Review #378: Run-DMC, Run-DMC

Karla Clifton
2 min readApr 25, 2023

#378: Run-DMC, Run-DMC

Run-DMC’s debut album isn’t as heavy metal as their third, Raising Hell. Then again, this album doesn’t have Aerosmith on it.

This is in some ways considered the album that took rap mainstream. RS quotes Jam Master Jay as saying, “Before us, rap records were corny,” and I’ll confess that I did giggle a little at that. Admit it: this album cover is a little doofy. And opener “Hard Times” (a Kurtis Blow cover) has them quite literally trading off lyrics on a word-by-word basis. Come on. It’s just a tiny bit silly. But isn’t that pioneers do? They take the risk of sounding silly to break down walls for others to be taken seriously.

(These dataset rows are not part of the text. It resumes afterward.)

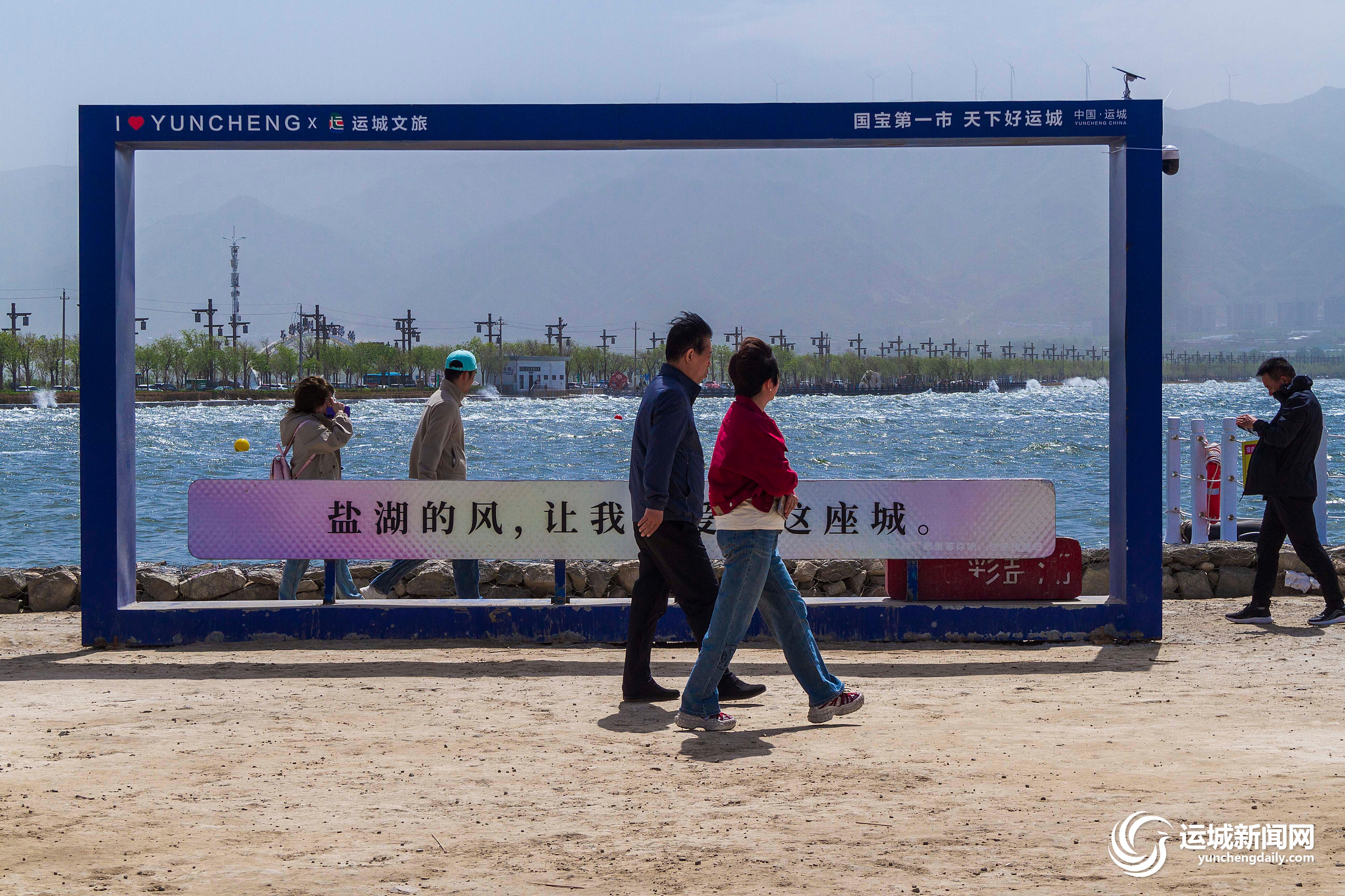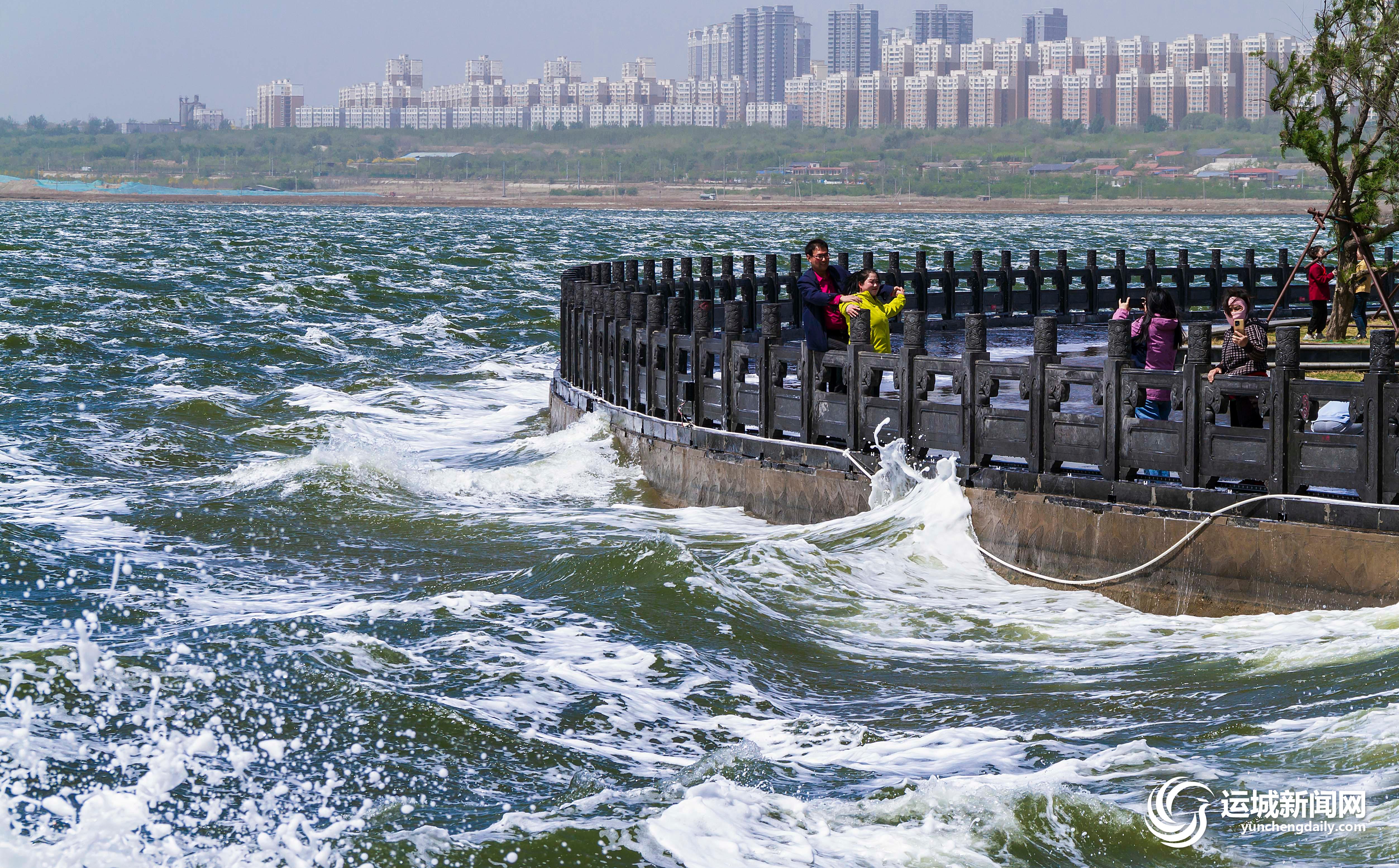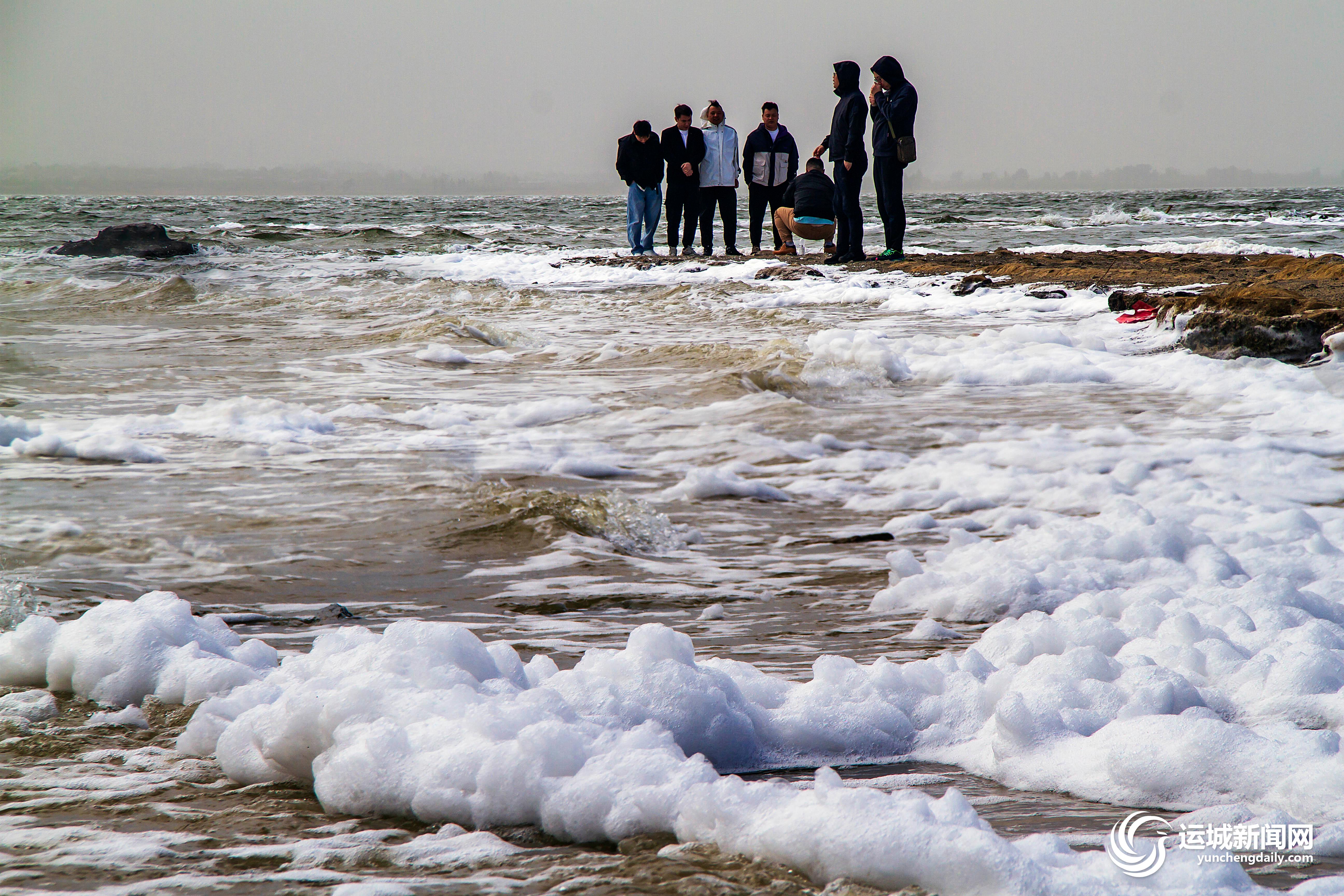 当日,风吹盐湖,浪涛汹涌,这一仿佛大海边的景观,吸引了众多游客前来观赏游玩。
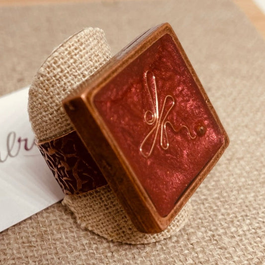 Red copper square ring 'Oil on canvas'
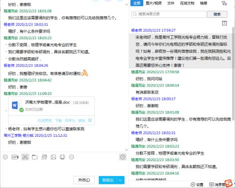 宋朋主任时刻关注学生考研、就业两个“出口”问题。通过“提前引导、过程指导、考后调制”全过程全方位的指导,2019年光电信息科学与工程专业考研率实现新的突破,达到43.8%,考研成绩在学校中名列前茅。2020年考研成绩已经公布,但是面临疫情,考研复试和调剂工作延后。在此期间,宋朋主任利用此段时间,积极了解联系各类调剂信息,做好考研学生信息、考研院校专业调剂选择建议和协调联系等工作,为后续研究生录取工作做准备。
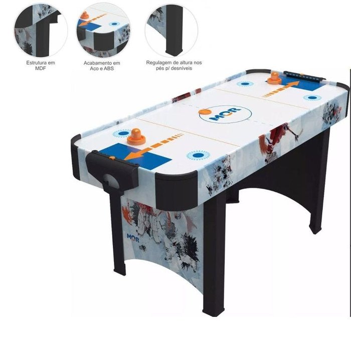 A nova linha de jogos da Mor veio para completar a diversão da sua família e amigos. O Air Hockey Rush da MOR é produzido em MDF com acabamentos em aço e ABS. Além disso possui pés com regulagem de altura que possibilita posicionar o mesmo em qualquer superfície com pequenos desníveis. É ideal para quem tem pouco espaço e quer reunir os amigos e família para se divertir. Características - Composição/Material da Mesa: Estrutura Em Mdf, Acabamentos Em Aço E Abs - Composição/Material do Disco: Polipropileno - Composição/Material dos Rebatedores: Polipropileno E Poliéster - Regulagem de altura nos pés para desniveis - Carregador elétrico BIVOLT - Disco em Polipropileno ( 5 cm de diâmetro ) - Simples Montagem e Acompanha Manual. Conteúdo da embalagem - 1x Mesa de Air Hockey Rush - 3x Discos - 3x Rebatedores Dimensões do produto - Rebatedores Diâmetro: 6,7 cm Altura: 5,5 cm - Mesa Altura: 79 cm Largura: 62,5 cm Comprimento: 1,51 cm - Disco Diâmetro: 5 cm Obs.: - Imagens meramente ilustrativa - Produto enviado por Transportadora 3 Meses de garantia contra defeitos de fabricação *31000 Mod: 009174 / 3746
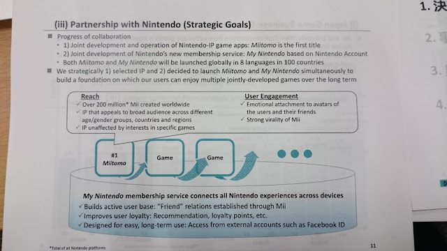 Porém, a DeNA publicou recentemente um relatório de seus ganhos do último trimestre, que incluem pequenas informações a respeito dos apps ligados a Nintendo. De acordo com as imagens, o Miimoto sofreu um atraso para manter a qualidade do jogo, e que tanto o game quanto o My Nintendo serão lançados globalmente em mais de 100 países e com suporte a 8 línguas estrangeiras, o que indica um lançamento simultâneo.
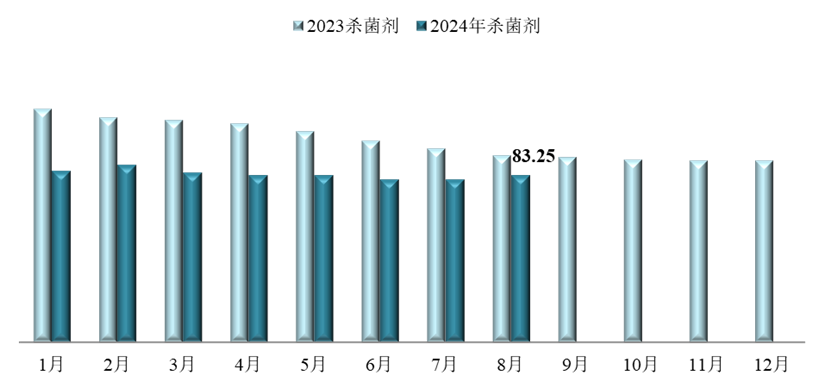 杀菌剂价格指数为83.25,环比上涨3.04%,同比下跌10.55%。监测在内的30种杀菌剂产品中,加权平均成交价格环比上涨的14种,环比持平的1种,环比下跌的13种;加权平均成交价格同比上涨的4种,同比持平的2种,同比下跌的22种。
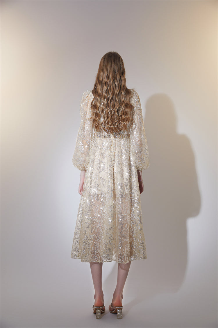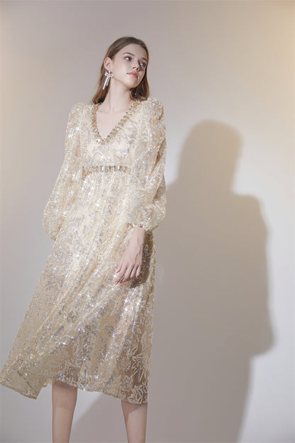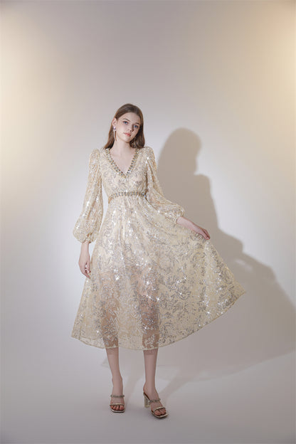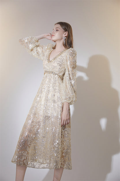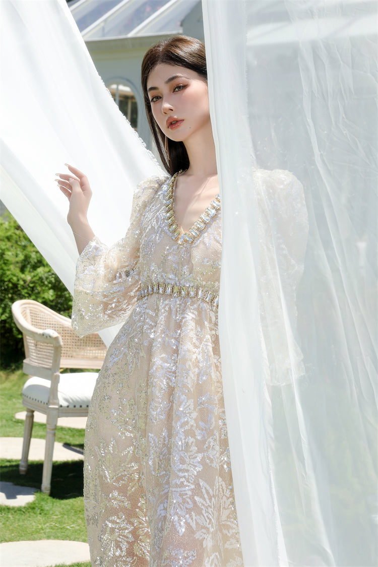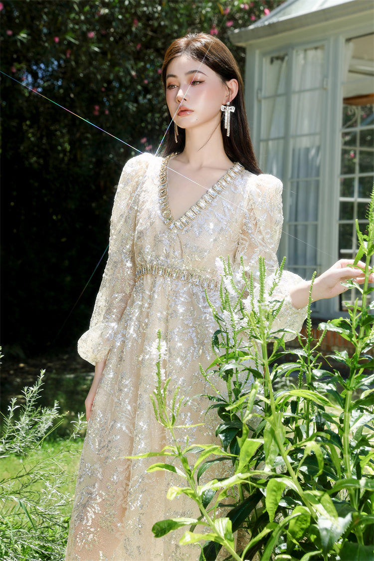 Wardrobes by Chen Elegant Diamond V-Neck Long Sleeve Long Dress- NORAH

And they pioneered everything from street style to the marriage of rock and rap. (Machine Gun Kelly, eat your heart out.) “Rock Box,” featuring a dirty heavy metal guitar riff from session guitarist Eddie Martinez, had a massive, massive cultural impact. “Hollis Crew (Krush-Groove 2)” is the first ever instance of the iggy/iggedy style that would be lifted by groups like Das EFX. And “Sucker M.C.’s (Krush-Groove 1)” is considered a seminal diss track (though directed at no one in particular) that has been covered by Wu-Tang & the Beastie Boys (and sampled to death, including in Public Enemy’s “Night of the Living Baseheads”).

But they aren’t just pioneers of style; they have substance, too. They tackle subjects like economic disparity on “It’s Like That,” the sparsest, starkest beat on the record, frankly asking, Tell me the last time that love bought you clothes? “Wake Up” is even more bleak — though it depicts a peaceful world where there finally is a meaning to United Nations, the chorus brings you back down: It was a DREAM.

One thing that bums me out about Run-DMC: they’re a trio, but they never let DJ Jam Master Jay on the cover, at least not until their fourth album. Yeah, he gets two songs (“Jam-Master Jay” and “Jay’s Game”) but no glory. No respect for the DJ — just ask Eric B.

Ice T called the debut “the first rap album that broke big.” Ice Cube said that he was “obsessed” with the group. You know what? I rescind my allegations of doofiness. Apparently we owe Run-DMC a lot.

Favorite Reference: The “It’s Raining Men” reference on “30 Days.”